ASSIGNMENT => Below are some records. Return exactly their lines from the one containing "植林時の状況 (2012年5月9日撮影)" through the one containing "UMJETNIČKI PAVILJON Popucali", and drop the pictures.

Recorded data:
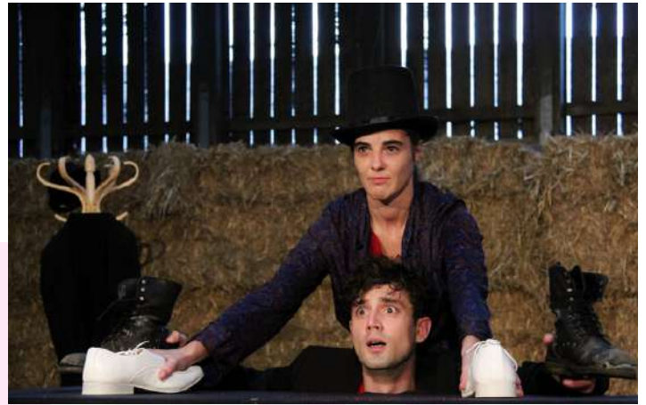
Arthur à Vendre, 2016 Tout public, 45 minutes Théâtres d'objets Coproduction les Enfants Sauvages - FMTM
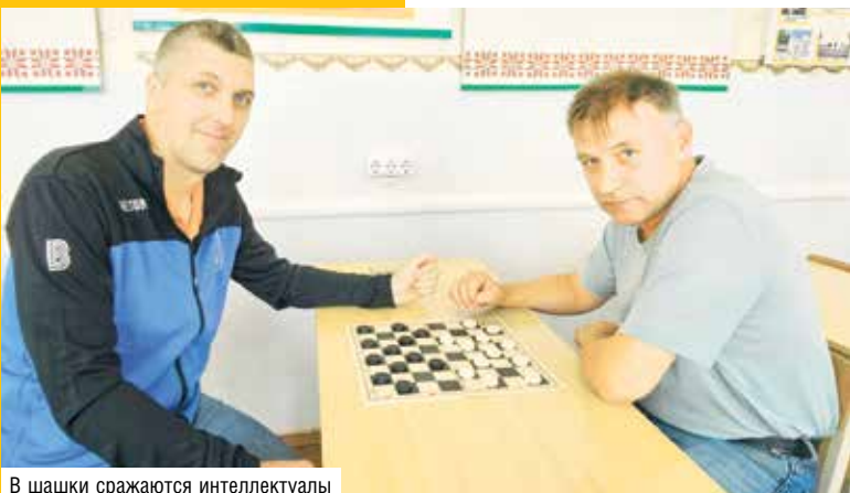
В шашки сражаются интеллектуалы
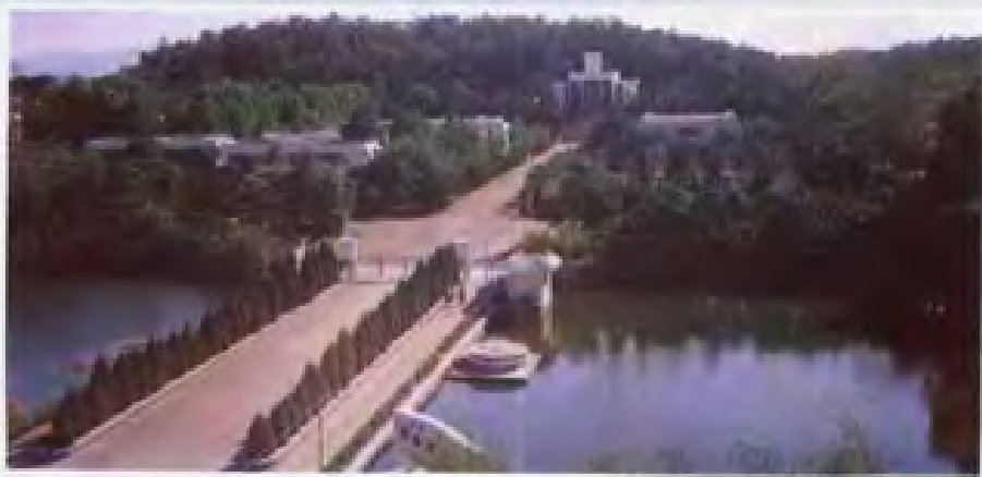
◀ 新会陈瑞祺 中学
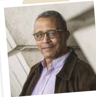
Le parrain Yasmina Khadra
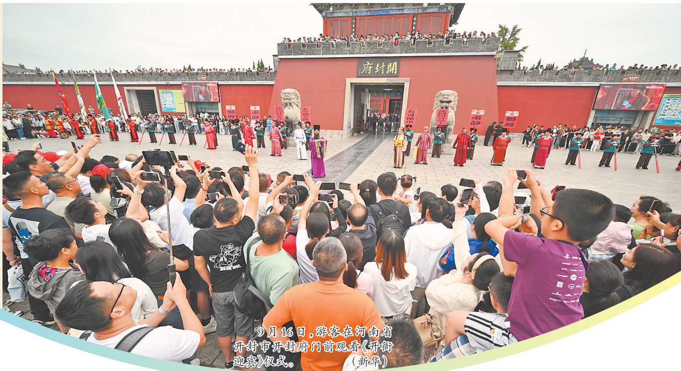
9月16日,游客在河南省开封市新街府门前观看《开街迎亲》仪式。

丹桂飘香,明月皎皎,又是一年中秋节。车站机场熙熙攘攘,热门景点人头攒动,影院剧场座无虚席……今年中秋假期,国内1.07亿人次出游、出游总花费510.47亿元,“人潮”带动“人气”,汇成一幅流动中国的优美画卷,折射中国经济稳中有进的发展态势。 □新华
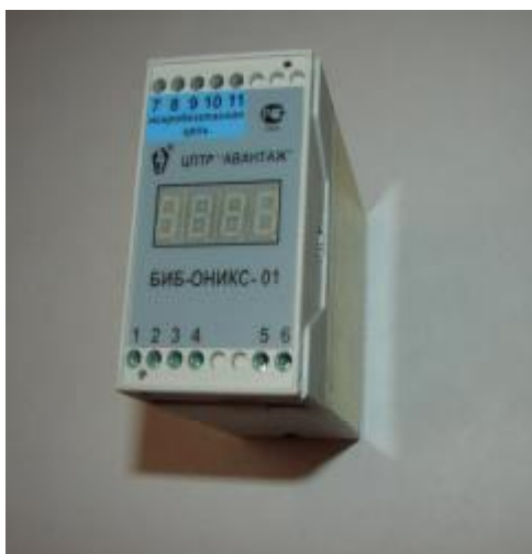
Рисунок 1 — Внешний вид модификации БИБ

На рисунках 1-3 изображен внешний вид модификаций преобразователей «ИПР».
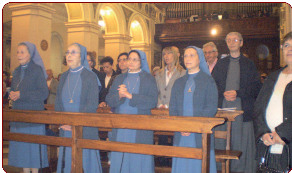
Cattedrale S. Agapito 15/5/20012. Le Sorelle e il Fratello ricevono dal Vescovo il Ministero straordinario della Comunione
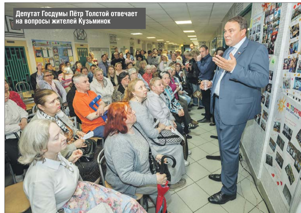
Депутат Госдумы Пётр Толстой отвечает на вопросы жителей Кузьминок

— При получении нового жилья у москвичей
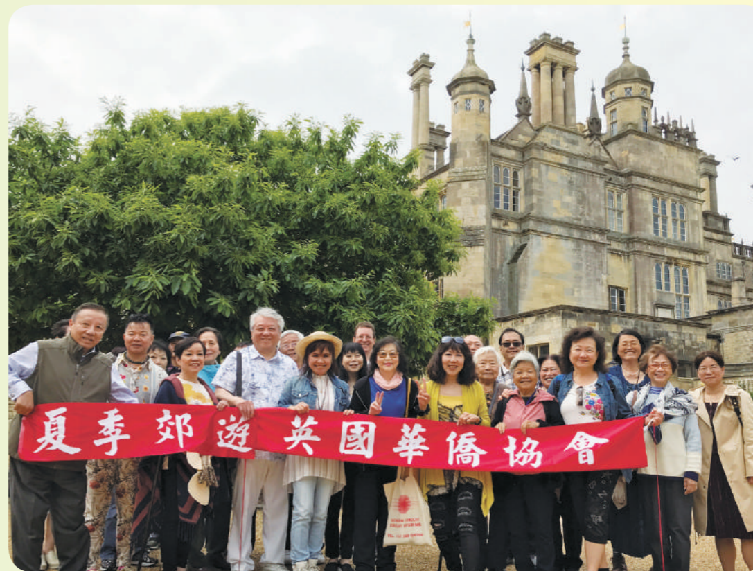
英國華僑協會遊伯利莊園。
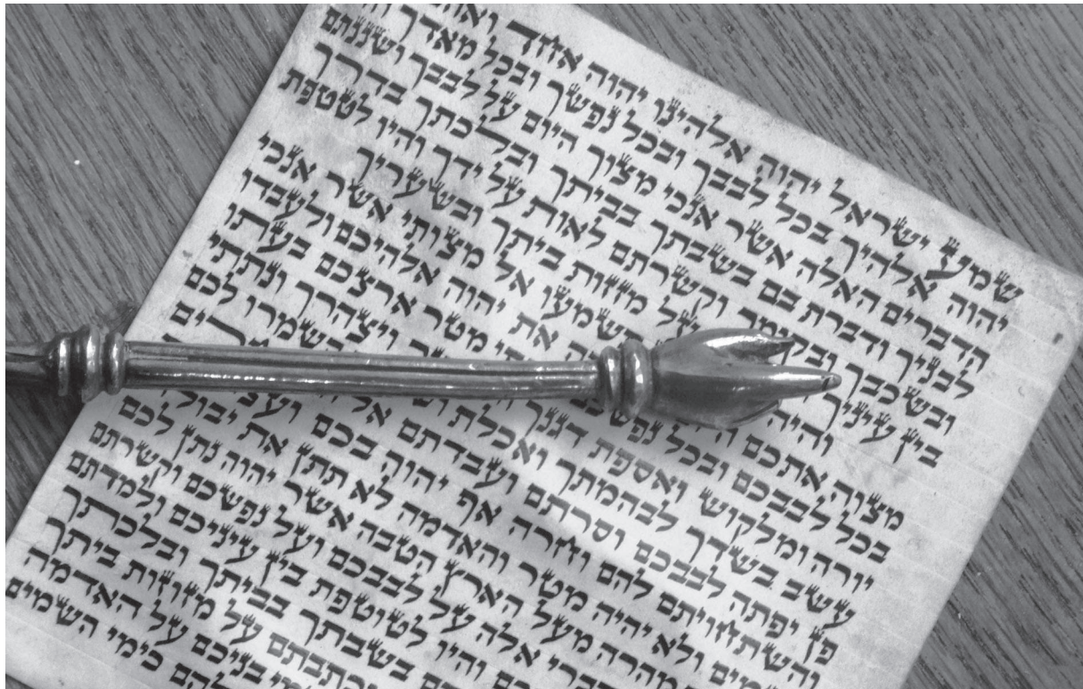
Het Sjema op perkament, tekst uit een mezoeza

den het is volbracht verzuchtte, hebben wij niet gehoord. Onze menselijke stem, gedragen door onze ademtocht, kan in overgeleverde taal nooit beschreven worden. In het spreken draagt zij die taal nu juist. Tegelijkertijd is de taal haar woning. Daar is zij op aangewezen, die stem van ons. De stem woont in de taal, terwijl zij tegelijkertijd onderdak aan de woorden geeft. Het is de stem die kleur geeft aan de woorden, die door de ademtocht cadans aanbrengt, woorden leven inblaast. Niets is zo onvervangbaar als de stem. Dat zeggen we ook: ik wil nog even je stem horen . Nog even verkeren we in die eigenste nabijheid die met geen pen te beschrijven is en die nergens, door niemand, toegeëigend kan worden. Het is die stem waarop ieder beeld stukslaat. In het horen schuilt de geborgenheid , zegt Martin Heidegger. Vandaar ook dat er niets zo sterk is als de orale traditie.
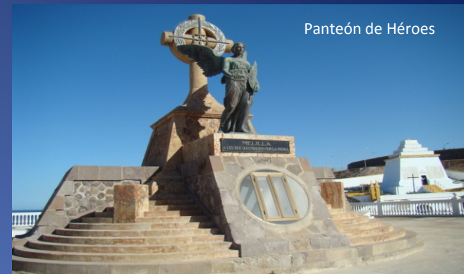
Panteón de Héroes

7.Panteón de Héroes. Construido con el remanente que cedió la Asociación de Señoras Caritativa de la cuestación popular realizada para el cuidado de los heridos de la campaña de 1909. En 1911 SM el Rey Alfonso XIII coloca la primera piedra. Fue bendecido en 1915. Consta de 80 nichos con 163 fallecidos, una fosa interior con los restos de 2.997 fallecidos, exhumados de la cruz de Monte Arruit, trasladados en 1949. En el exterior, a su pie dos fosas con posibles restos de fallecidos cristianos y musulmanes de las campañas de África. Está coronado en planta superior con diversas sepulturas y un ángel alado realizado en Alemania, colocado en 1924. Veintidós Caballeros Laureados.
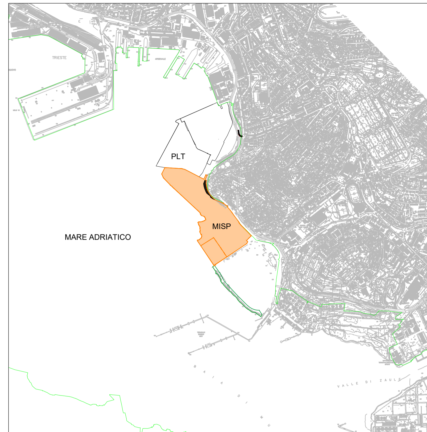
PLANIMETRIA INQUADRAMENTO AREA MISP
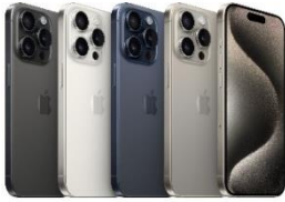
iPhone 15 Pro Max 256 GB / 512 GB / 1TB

---

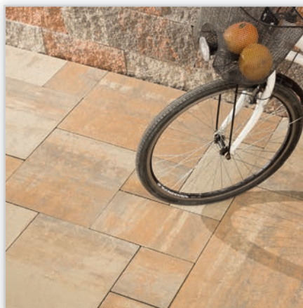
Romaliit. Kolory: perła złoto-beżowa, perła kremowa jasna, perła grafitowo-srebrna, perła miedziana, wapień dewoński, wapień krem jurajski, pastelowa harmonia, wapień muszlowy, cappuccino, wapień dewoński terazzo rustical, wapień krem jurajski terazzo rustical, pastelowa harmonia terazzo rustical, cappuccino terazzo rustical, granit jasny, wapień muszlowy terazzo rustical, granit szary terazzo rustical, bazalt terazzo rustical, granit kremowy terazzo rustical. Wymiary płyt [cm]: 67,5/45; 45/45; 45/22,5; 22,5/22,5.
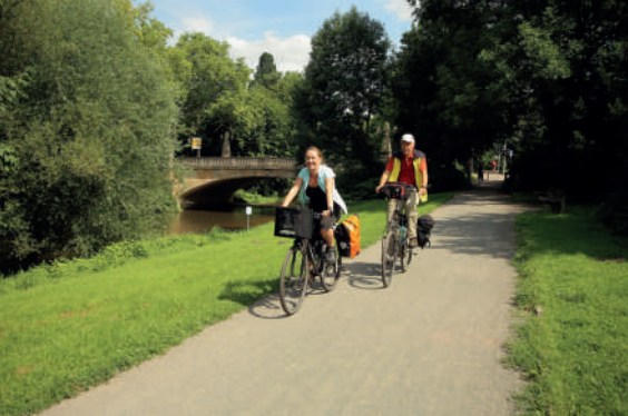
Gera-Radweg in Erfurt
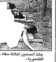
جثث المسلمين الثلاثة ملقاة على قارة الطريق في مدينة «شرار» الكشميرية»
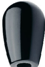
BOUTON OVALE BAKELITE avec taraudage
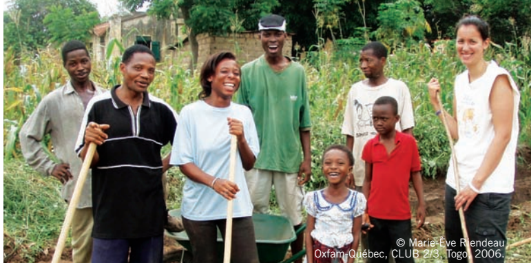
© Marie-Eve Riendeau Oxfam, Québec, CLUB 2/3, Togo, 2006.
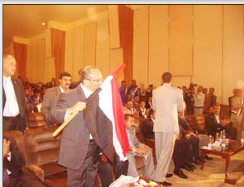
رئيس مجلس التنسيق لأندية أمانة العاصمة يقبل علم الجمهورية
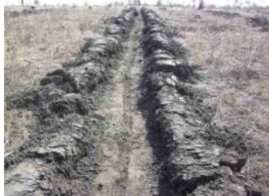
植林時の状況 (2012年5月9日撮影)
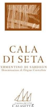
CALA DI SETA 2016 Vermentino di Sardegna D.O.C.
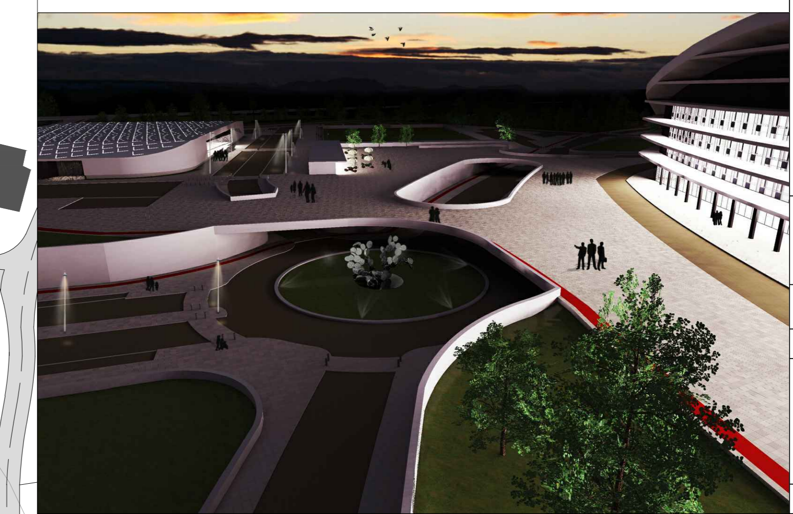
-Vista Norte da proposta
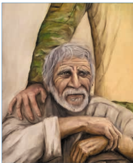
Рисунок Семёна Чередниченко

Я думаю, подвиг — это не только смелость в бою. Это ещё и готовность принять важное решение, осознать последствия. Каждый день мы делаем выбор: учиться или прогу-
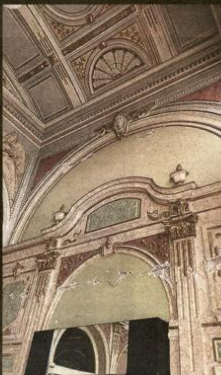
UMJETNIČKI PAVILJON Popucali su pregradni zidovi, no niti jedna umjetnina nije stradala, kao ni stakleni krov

* * *

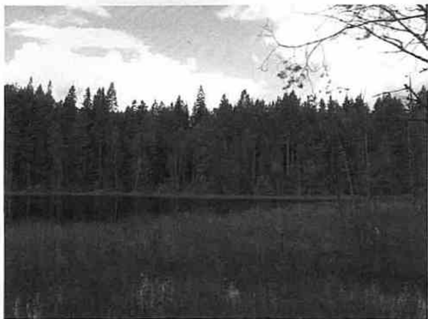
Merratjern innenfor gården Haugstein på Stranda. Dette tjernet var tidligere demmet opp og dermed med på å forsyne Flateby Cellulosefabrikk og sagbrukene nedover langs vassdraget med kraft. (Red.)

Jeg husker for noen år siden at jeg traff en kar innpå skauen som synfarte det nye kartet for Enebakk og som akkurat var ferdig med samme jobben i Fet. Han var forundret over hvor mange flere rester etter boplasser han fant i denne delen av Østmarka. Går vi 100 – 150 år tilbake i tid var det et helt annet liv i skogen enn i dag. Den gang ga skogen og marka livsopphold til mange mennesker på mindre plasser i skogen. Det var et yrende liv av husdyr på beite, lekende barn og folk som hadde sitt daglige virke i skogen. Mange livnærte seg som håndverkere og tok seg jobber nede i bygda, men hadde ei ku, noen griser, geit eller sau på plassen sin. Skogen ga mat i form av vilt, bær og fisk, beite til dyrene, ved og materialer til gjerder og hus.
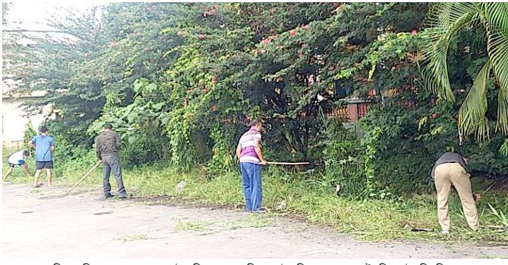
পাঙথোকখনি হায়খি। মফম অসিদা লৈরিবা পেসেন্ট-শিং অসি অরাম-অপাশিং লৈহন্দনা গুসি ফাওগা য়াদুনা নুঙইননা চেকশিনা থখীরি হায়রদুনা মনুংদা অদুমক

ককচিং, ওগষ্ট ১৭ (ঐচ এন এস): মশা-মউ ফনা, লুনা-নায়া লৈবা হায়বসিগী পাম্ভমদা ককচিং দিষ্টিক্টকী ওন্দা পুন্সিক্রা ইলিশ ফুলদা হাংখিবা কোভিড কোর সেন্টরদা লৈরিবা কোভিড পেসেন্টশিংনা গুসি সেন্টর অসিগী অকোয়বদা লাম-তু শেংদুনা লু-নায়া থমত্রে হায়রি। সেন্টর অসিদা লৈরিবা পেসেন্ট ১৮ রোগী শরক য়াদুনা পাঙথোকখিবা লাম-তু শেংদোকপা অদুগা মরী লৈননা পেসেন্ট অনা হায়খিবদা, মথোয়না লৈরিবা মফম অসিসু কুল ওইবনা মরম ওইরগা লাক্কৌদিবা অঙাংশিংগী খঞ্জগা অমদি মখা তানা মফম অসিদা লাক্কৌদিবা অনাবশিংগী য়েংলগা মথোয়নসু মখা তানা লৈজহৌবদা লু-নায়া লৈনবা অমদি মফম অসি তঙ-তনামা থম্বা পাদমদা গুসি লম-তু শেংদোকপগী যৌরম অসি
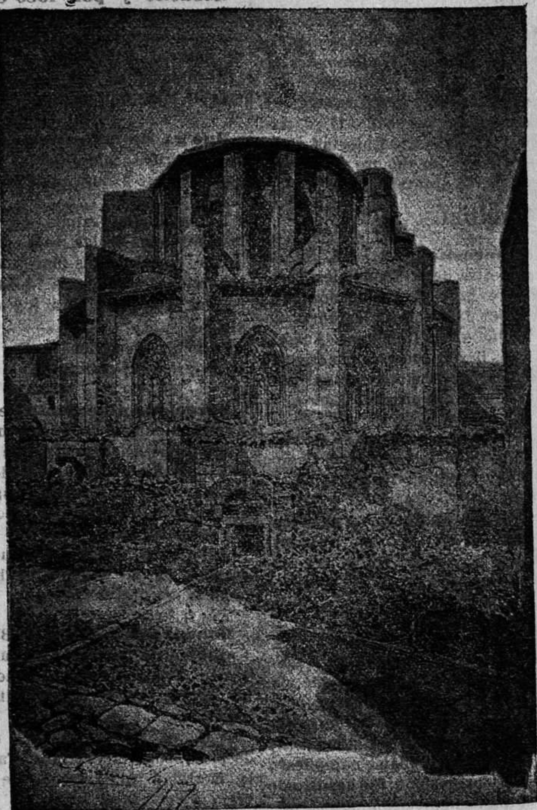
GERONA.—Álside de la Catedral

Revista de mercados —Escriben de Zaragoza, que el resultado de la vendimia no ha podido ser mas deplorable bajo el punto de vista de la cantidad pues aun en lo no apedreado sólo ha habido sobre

EXPECTED ANSWER =>
植林時の状況 (2012年5月9日撮影)
CALA DI SETA 2016 Vermentino di Sardegna D.O.C.
-Vista Norte da proposta
Рисунок Семёна Чередниченко

Я думаю, подвиг — это не только смелость в бою. Это ещё и готовность принять важное решение, осознать последствия. Каждый день мы делаем выбор: учиться или прогу-
UMJETNIČKI PAVILJON Popucali su pregradni zidovi, no niti jedna umjetnina nije stradala, kao ni stakleni krov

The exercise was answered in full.